* _WHAT YOU SHOULD DO_: Below are the records; give again exactly the lines from the one containing "SAN FRANCISCO JUNETEENTH FESTIVAL" through the one containing "College Auditorium - Front View", leaving out pictures.

* _SUPPLIED DATA_:

---------------

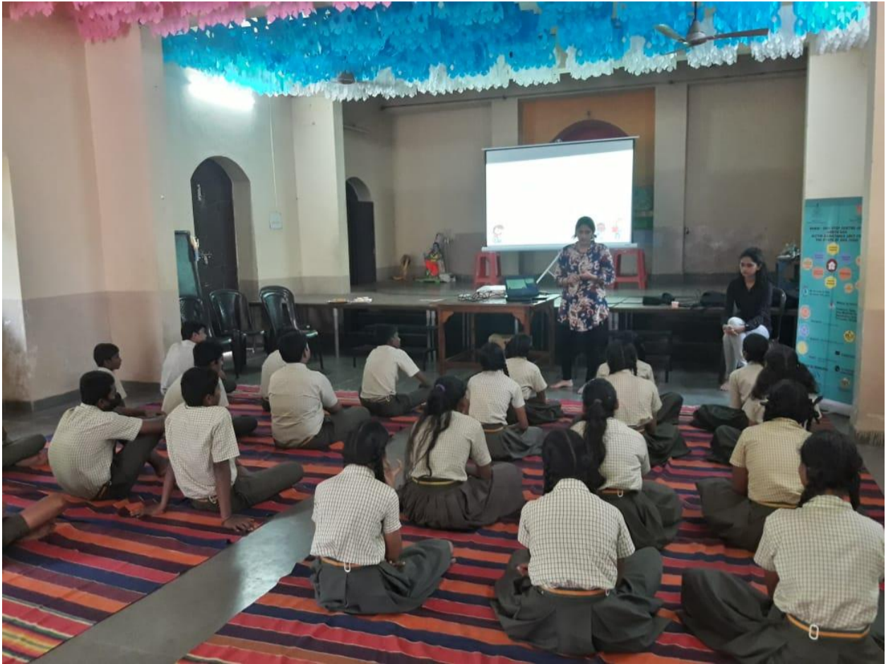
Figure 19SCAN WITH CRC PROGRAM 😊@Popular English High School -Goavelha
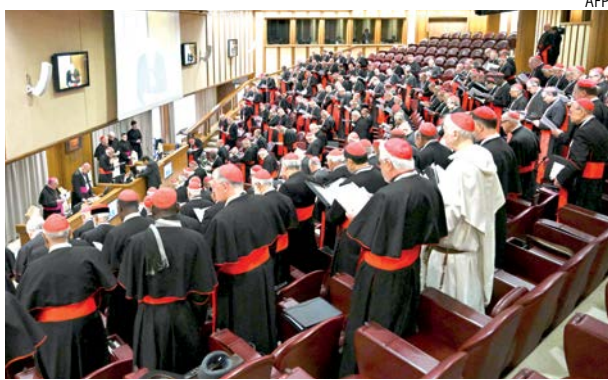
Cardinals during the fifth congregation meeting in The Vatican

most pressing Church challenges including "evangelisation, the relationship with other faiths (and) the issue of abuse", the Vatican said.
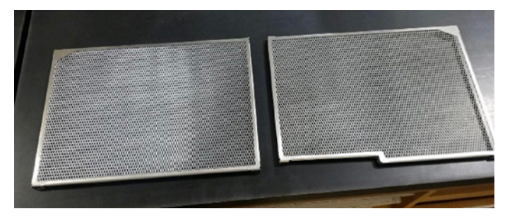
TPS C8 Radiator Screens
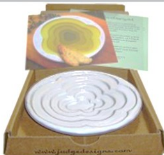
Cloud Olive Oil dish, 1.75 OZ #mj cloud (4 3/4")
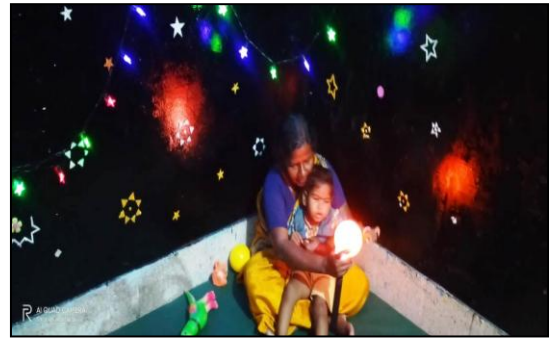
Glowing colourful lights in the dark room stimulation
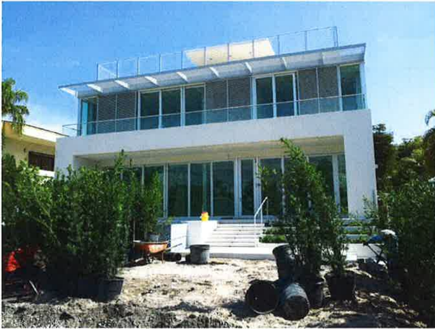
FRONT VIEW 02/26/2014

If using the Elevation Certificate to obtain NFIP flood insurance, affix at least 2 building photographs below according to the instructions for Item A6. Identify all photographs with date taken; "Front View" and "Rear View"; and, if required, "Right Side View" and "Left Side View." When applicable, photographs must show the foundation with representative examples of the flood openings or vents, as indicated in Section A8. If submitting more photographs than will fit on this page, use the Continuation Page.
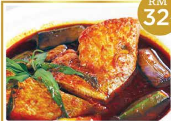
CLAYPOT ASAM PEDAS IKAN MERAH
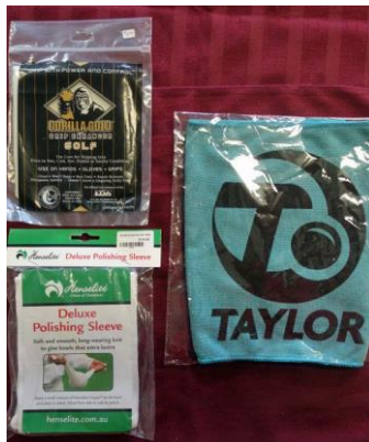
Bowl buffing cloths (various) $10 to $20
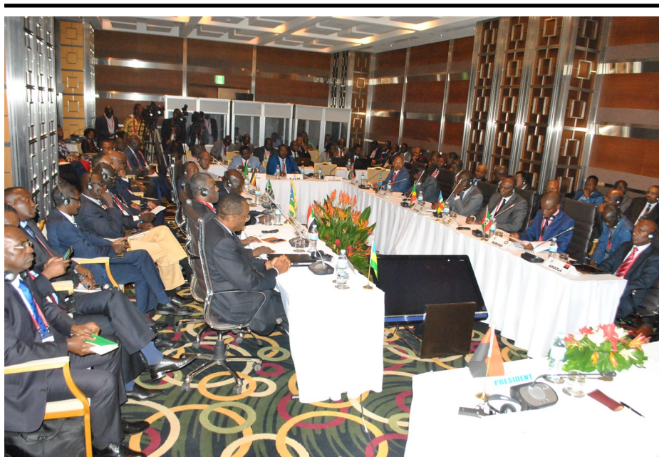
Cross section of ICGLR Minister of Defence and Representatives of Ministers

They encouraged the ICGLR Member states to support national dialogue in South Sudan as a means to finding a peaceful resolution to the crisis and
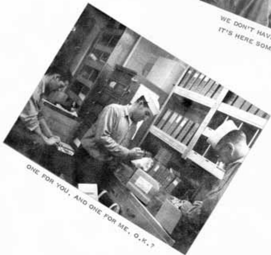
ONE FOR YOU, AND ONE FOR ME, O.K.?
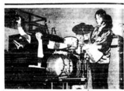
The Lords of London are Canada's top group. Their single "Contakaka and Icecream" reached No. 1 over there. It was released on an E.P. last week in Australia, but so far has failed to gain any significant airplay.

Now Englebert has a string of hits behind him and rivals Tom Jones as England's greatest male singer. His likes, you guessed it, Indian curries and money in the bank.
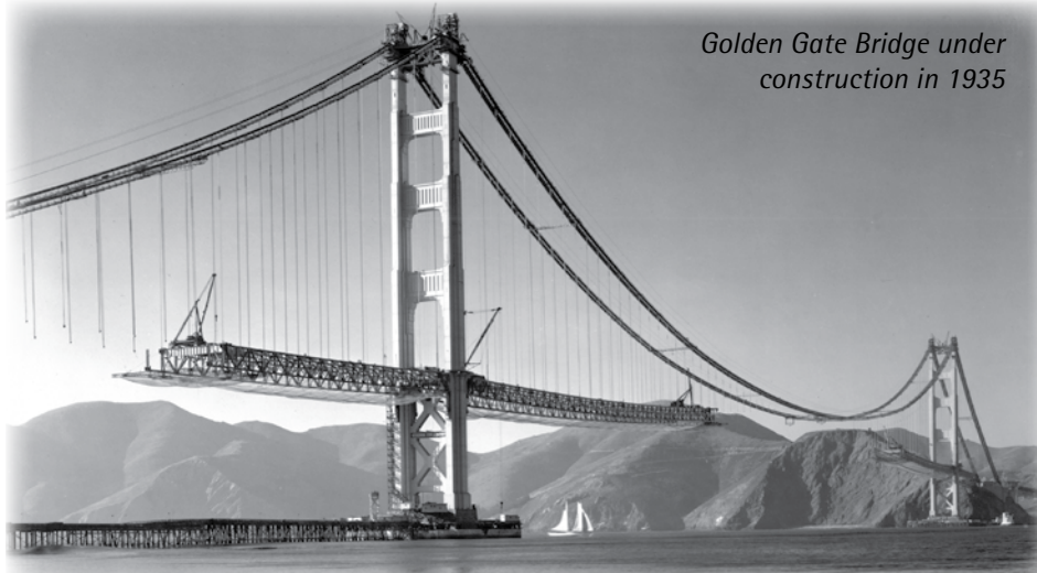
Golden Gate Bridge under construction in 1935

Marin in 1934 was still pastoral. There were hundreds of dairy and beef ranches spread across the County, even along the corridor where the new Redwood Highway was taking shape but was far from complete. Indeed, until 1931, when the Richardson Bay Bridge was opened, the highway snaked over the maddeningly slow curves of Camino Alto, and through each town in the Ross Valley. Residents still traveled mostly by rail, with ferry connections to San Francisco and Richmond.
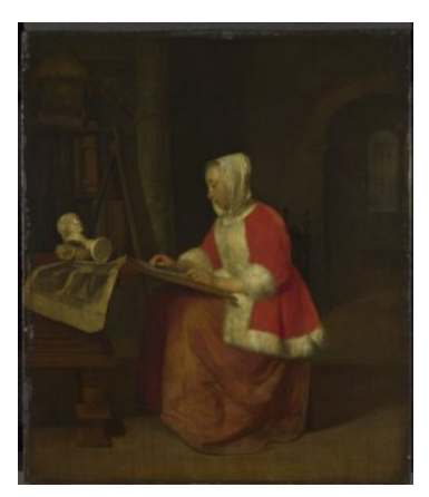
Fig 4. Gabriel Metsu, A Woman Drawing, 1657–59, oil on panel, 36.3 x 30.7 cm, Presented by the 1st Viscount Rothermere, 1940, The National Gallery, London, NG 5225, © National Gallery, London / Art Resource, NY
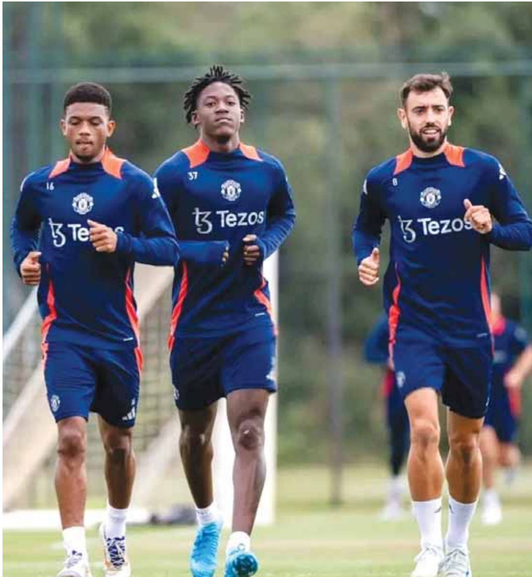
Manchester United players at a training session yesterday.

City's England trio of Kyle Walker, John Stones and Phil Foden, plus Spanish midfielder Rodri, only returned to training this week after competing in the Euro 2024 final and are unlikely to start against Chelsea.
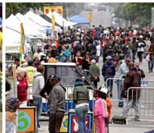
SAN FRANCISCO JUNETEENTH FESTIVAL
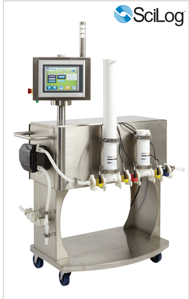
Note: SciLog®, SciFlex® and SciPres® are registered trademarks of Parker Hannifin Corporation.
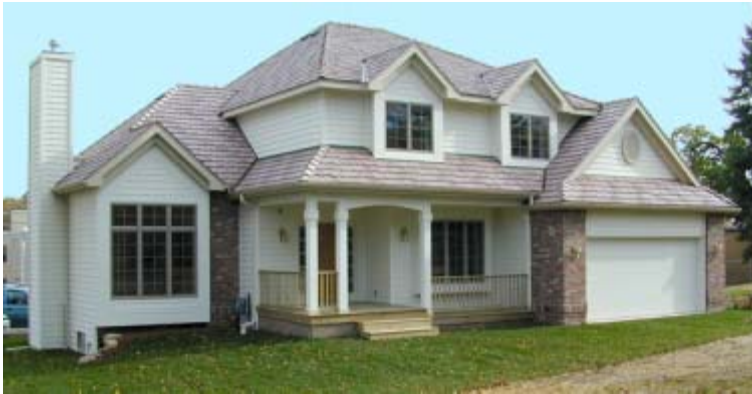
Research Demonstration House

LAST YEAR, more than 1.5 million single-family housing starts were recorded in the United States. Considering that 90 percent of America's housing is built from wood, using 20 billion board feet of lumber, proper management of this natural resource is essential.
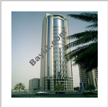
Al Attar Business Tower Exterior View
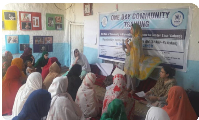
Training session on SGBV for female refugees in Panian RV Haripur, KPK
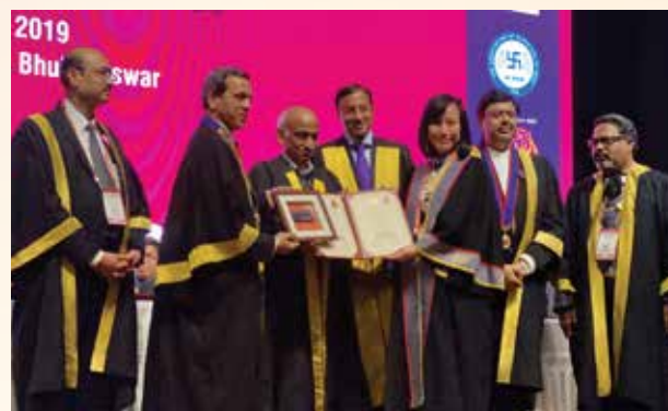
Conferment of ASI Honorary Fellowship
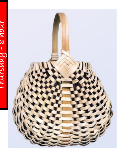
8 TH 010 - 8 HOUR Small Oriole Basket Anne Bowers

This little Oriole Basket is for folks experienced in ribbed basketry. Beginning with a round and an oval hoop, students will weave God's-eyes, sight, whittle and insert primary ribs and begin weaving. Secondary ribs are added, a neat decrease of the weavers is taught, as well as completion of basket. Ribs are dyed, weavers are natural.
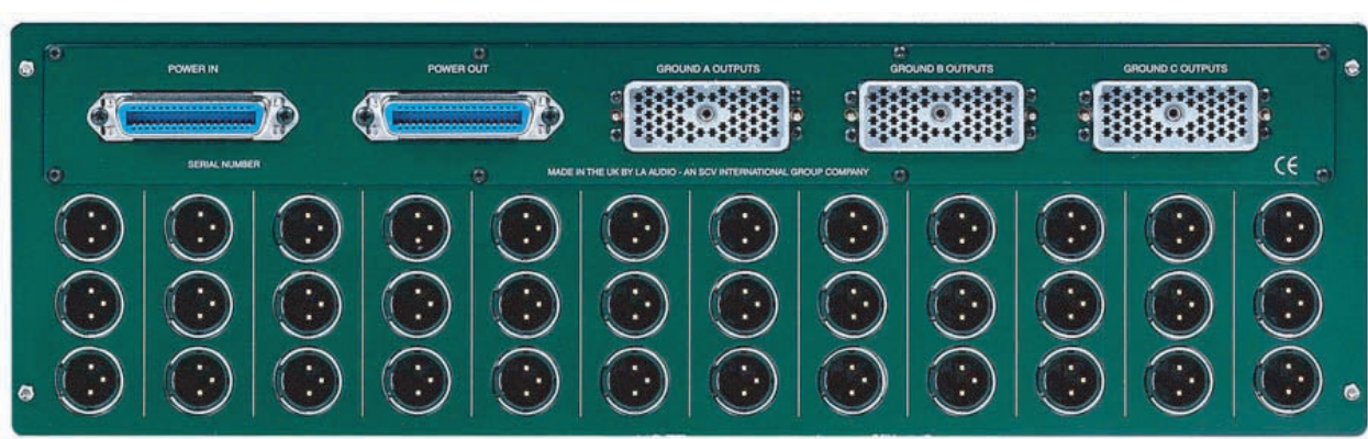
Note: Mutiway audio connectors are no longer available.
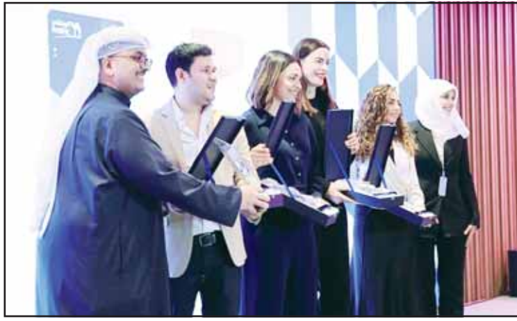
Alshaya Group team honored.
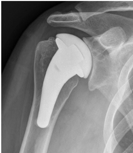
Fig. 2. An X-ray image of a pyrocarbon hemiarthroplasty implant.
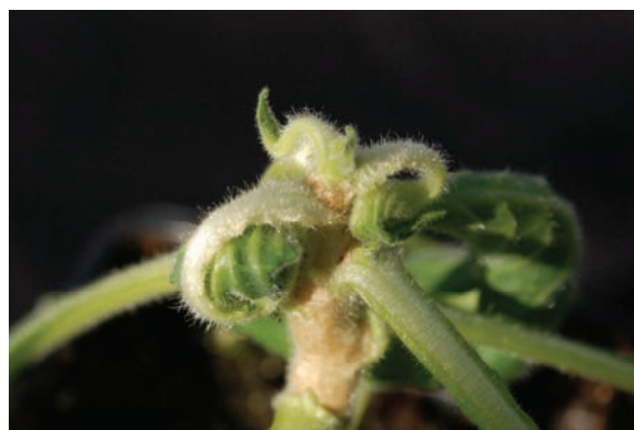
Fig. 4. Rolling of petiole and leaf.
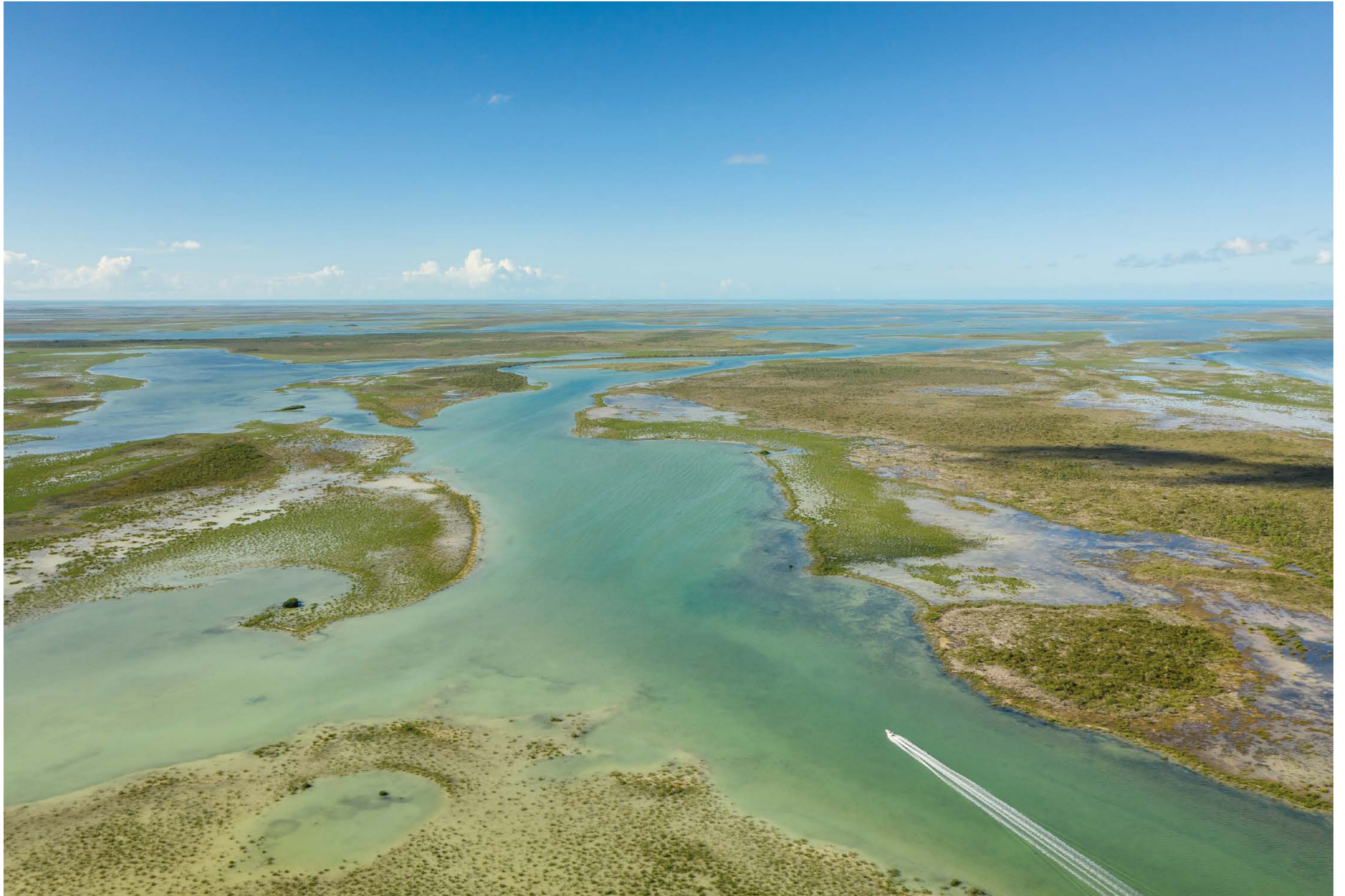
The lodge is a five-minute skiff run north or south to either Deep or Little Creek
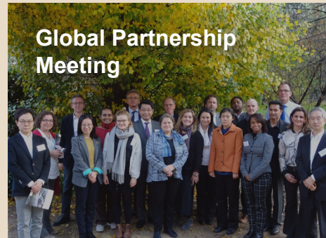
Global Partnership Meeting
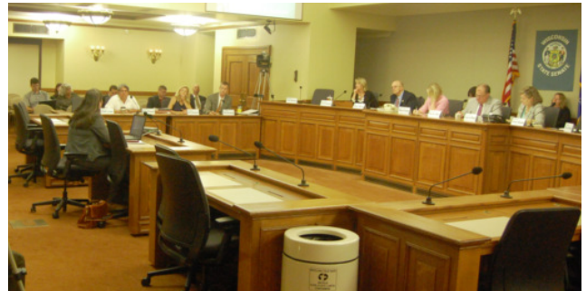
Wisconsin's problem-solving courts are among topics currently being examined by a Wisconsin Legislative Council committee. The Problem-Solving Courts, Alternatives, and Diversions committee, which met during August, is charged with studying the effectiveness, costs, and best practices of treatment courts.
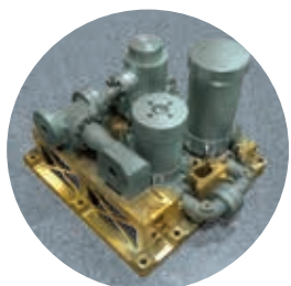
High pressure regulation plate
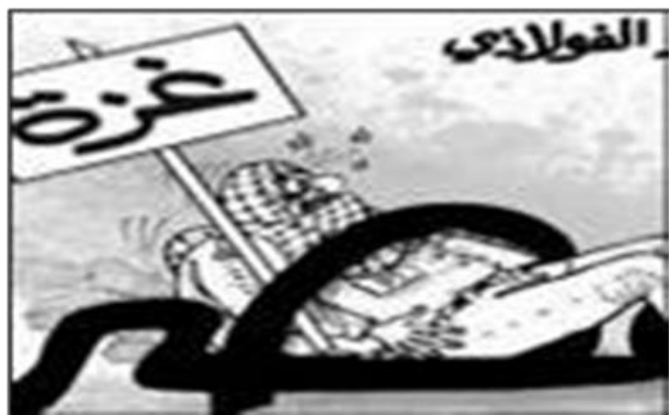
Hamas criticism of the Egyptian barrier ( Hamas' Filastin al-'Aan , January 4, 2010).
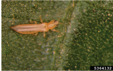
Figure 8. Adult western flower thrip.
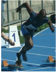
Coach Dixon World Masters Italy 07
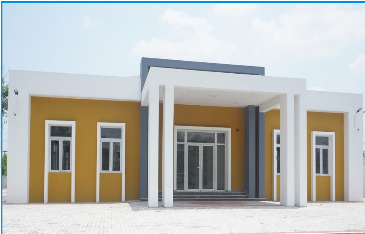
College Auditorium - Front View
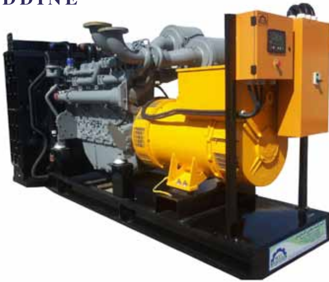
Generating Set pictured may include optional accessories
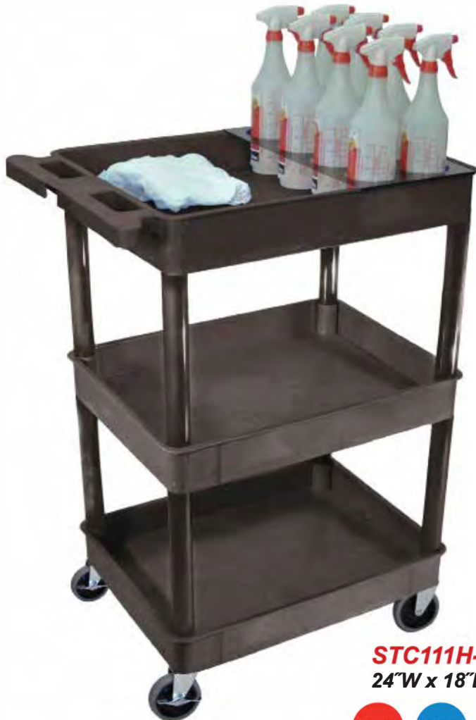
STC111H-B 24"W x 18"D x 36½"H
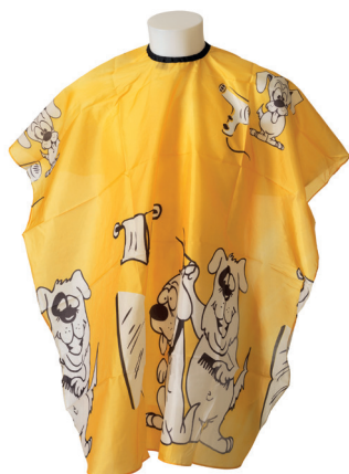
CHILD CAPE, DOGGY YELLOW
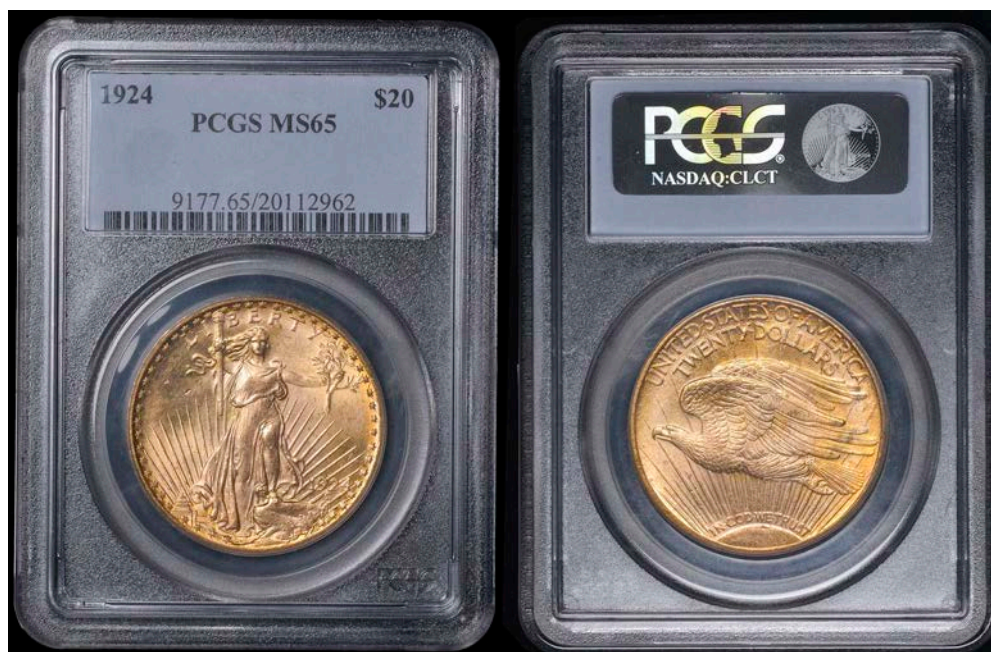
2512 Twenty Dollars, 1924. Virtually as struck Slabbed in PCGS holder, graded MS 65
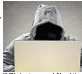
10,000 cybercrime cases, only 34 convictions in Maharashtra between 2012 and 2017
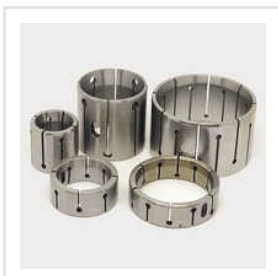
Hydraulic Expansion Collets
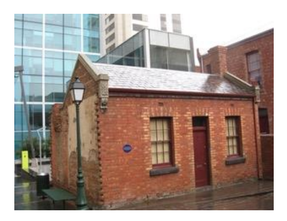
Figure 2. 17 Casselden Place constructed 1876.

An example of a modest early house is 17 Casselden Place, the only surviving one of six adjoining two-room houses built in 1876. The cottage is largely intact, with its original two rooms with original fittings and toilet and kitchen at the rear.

---------------

* _ANSWER TO THIS PROBLEM_:
SAN FRANCISCO JUNETEENTH FESTIVAL
Note: SciLog®, SciFlex® and SciPres® are registered trademarks of Parker Hannifin Corporation.
Research Demonstration House

LAST YEAR, more than 1.5 million single-family housing starts were recorded in the United States. Considering that 90 percent of America's housing is built from wood, using 20 billion board feet of lumber, proper management of this natural resource is essential.
Al Attar Business Tower Exterior View
Training session on SGBV for female refugees in Panian RV Haripur, KPK
Conferment of ASI Honorary Fellowship
8 TH 010 - 8 HOUR Small Oriole Basket Anne Bowers

This little Oriole Basket is for folks experienced in ribbed basketry. Beginning with a round and an oval hoop, students will weave God's-eyes, sight, whittle and insert primary ribs and begin weaving. Secondary ribs are added, a neat decrease of the weavers is taught, as well as completion of basket. Ribs are dyed, weavers are natural.
Note: Mutiway audio connectors are no longer available.
Alshaya Group team honored.
Fig. 2. An X-ray image of a pyrocarbon hemiarthroplasty implant.
Fig. 4. Rolling of petiole and leaf.
The lodge is a five-minute skiff run north or south to either Deep or Little Creek
Global Partnership Meeting
Wisconsin's problem-solving courts are among topics currently being examined by a Wisconsin Legislative Council committee. The Problem-Solving Courts, Alternatives, and Diversions committee, which met during August, is charged with studying the effectiveness, costs, and best practices of treatment courts.
High pressure regulation plate
Hamas criticism of the Egyptian barrier ( Hamas' Filastin al-'Aan , January 4, 2010).
Figure 8. Adult western flower thrip.
Coach Dixon World Masters Italy 07
College Auditorium - Front View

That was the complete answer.